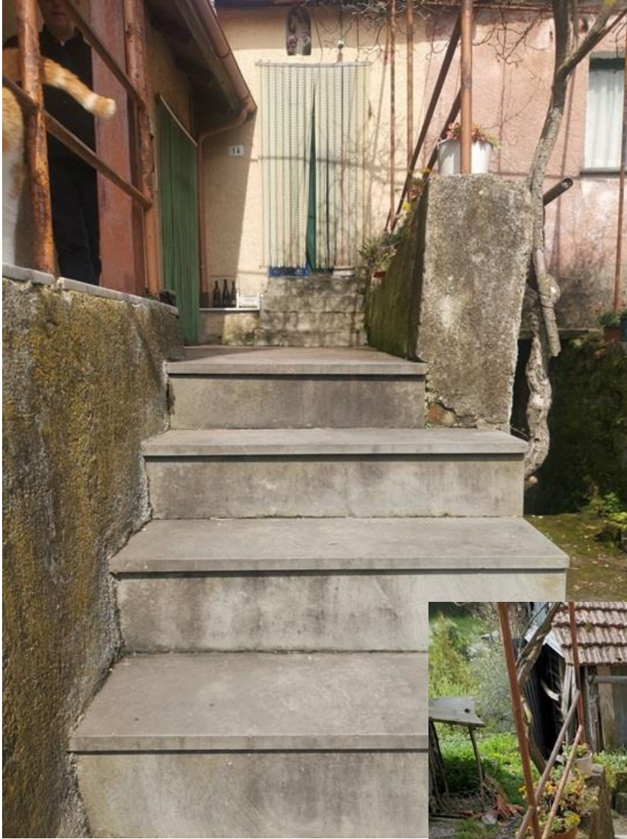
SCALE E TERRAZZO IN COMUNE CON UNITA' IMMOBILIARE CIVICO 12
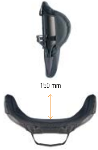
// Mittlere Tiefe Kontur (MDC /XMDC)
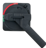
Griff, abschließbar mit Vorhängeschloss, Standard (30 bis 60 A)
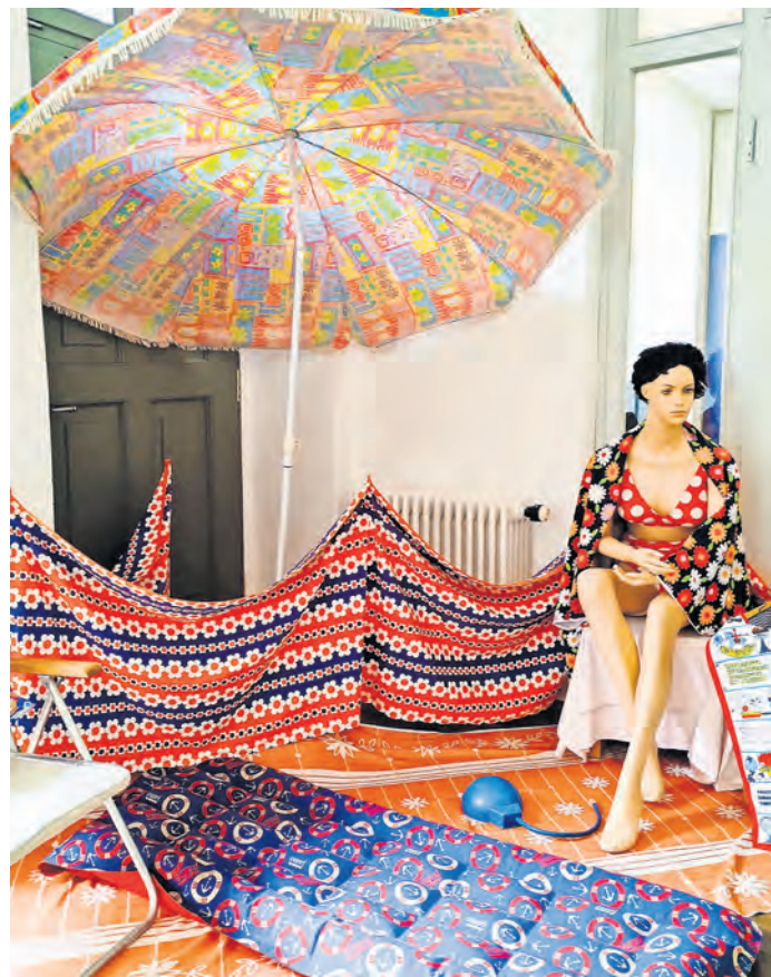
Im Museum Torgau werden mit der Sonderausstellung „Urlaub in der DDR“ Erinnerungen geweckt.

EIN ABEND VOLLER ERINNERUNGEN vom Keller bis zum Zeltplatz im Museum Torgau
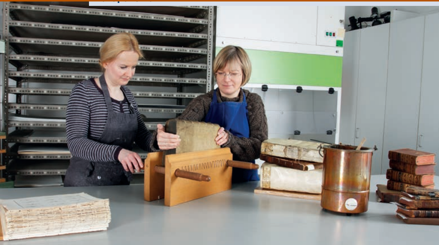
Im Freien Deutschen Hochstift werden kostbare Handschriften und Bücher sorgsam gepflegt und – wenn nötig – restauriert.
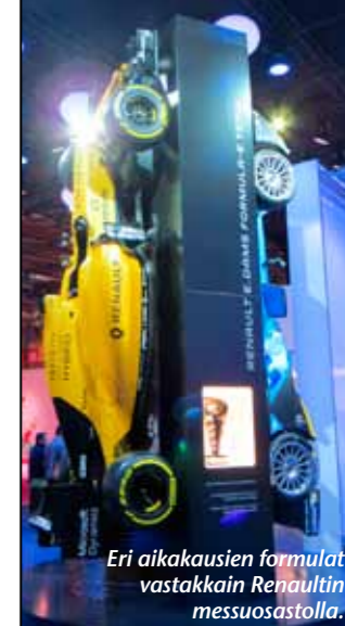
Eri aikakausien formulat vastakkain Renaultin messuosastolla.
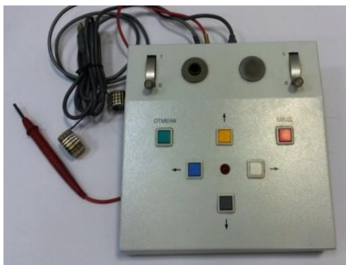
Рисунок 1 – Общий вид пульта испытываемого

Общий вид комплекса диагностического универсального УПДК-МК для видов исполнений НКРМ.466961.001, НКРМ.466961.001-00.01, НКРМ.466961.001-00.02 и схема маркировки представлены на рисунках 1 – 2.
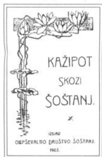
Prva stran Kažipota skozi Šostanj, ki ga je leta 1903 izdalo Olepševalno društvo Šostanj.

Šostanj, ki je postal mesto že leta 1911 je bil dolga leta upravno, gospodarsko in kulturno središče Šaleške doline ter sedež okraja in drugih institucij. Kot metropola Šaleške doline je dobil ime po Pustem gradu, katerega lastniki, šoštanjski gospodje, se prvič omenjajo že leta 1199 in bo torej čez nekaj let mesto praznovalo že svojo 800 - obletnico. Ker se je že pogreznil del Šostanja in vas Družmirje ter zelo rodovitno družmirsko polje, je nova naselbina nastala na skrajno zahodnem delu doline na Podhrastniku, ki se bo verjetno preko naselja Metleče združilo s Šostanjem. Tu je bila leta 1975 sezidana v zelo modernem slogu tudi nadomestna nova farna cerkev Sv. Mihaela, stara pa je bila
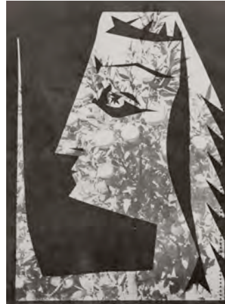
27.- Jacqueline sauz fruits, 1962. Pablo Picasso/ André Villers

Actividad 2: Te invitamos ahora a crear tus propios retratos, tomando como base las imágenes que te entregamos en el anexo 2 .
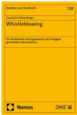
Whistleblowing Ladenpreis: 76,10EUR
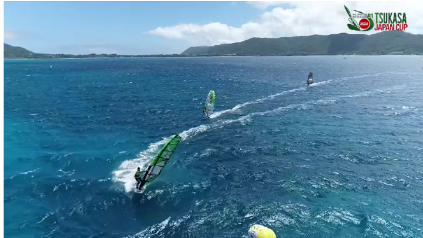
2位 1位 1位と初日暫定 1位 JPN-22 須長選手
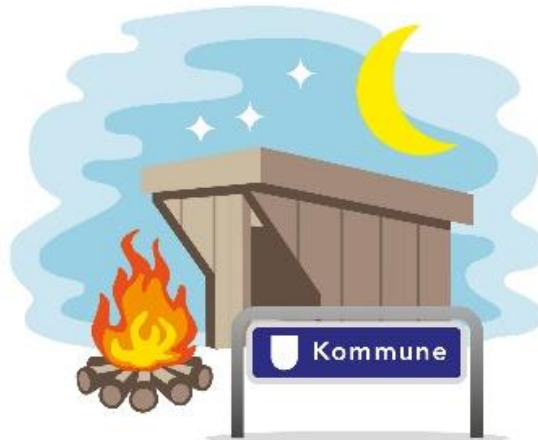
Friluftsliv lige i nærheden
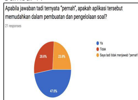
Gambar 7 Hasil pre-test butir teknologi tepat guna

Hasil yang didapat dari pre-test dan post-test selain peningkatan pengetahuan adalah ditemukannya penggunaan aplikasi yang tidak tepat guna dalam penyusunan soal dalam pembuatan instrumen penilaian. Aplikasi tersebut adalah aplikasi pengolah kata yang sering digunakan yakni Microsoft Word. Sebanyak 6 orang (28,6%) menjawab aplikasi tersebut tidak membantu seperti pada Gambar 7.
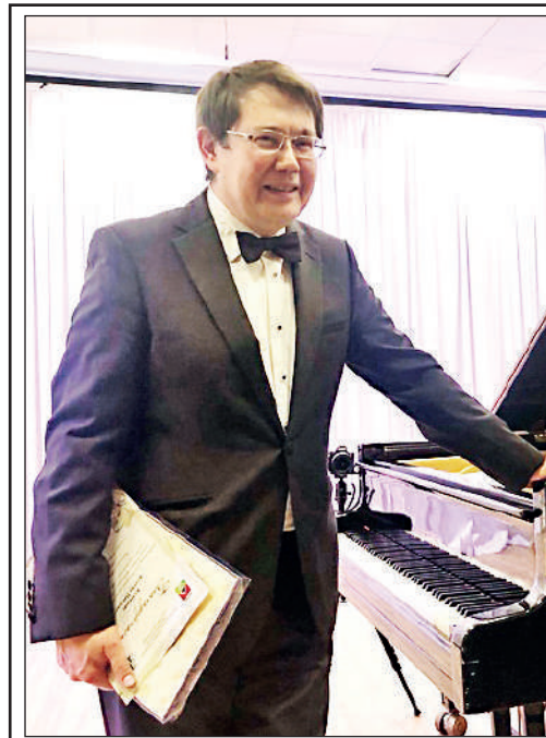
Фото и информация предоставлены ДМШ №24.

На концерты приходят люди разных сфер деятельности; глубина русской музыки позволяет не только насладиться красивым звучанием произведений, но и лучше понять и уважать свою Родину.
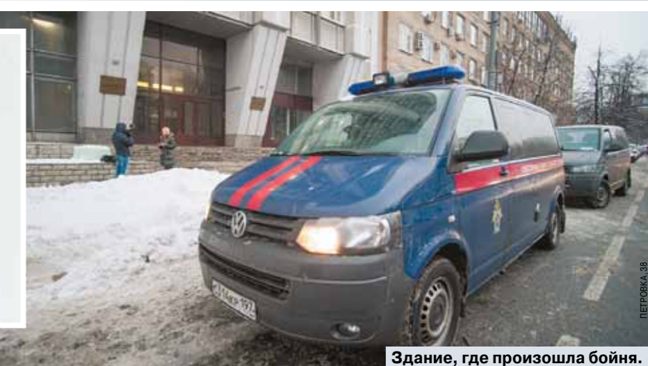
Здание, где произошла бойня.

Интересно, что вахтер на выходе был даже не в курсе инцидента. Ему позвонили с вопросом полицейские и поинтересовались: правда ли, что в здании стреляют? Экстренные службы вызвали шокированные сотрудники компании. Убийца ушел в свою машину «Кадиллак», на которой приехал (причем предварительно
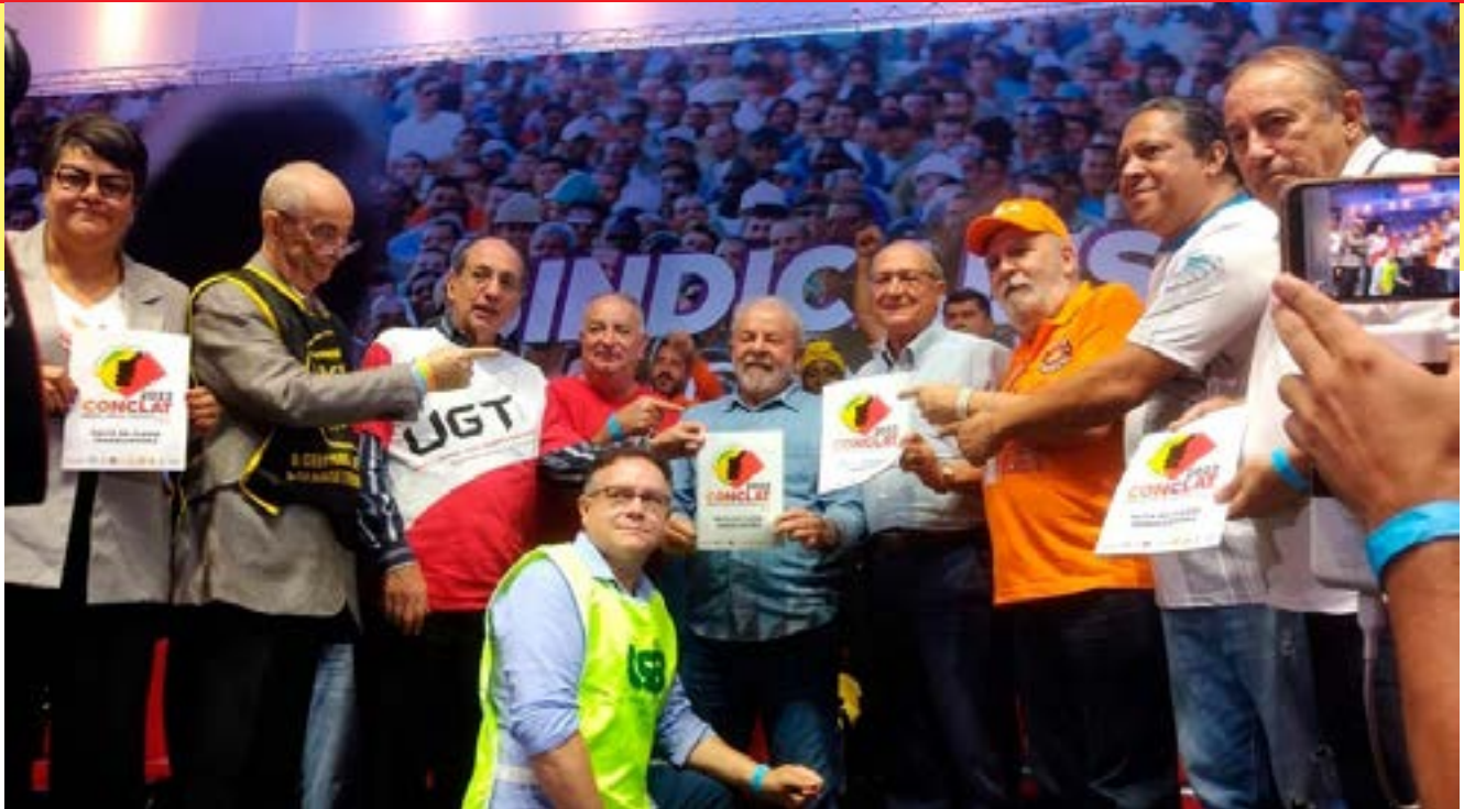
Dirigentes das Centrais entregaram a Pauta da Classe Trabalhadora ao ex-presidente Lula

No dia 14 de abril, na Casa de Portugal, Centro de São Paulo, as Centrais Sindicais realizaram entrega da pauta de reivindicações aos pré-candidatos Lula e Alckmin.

■ ■ ■ ■

Could you show every line of the material that includes the string "test"?

SOLUTION TO THIS PROBLEM:
Gambar 7 Hasil pre-test butir teknologi tepat guna
Hasil yang didapat dari pre-test dan post-test selain peningkatan pengetahuan adalah ditemukannya penggunaan aplikasi yang tidak tepat guna dalam penyusunan soal dalam pembuatan instrumen penilaian. Aplikasi tersebut adalah aplikasi pengolah kata yang sering digunakan yakni Microsoft Word. Sebanyak 6 orang (28,6%) menjawab aplikasi tersebut tidak membantu seperti pada Gambar 7.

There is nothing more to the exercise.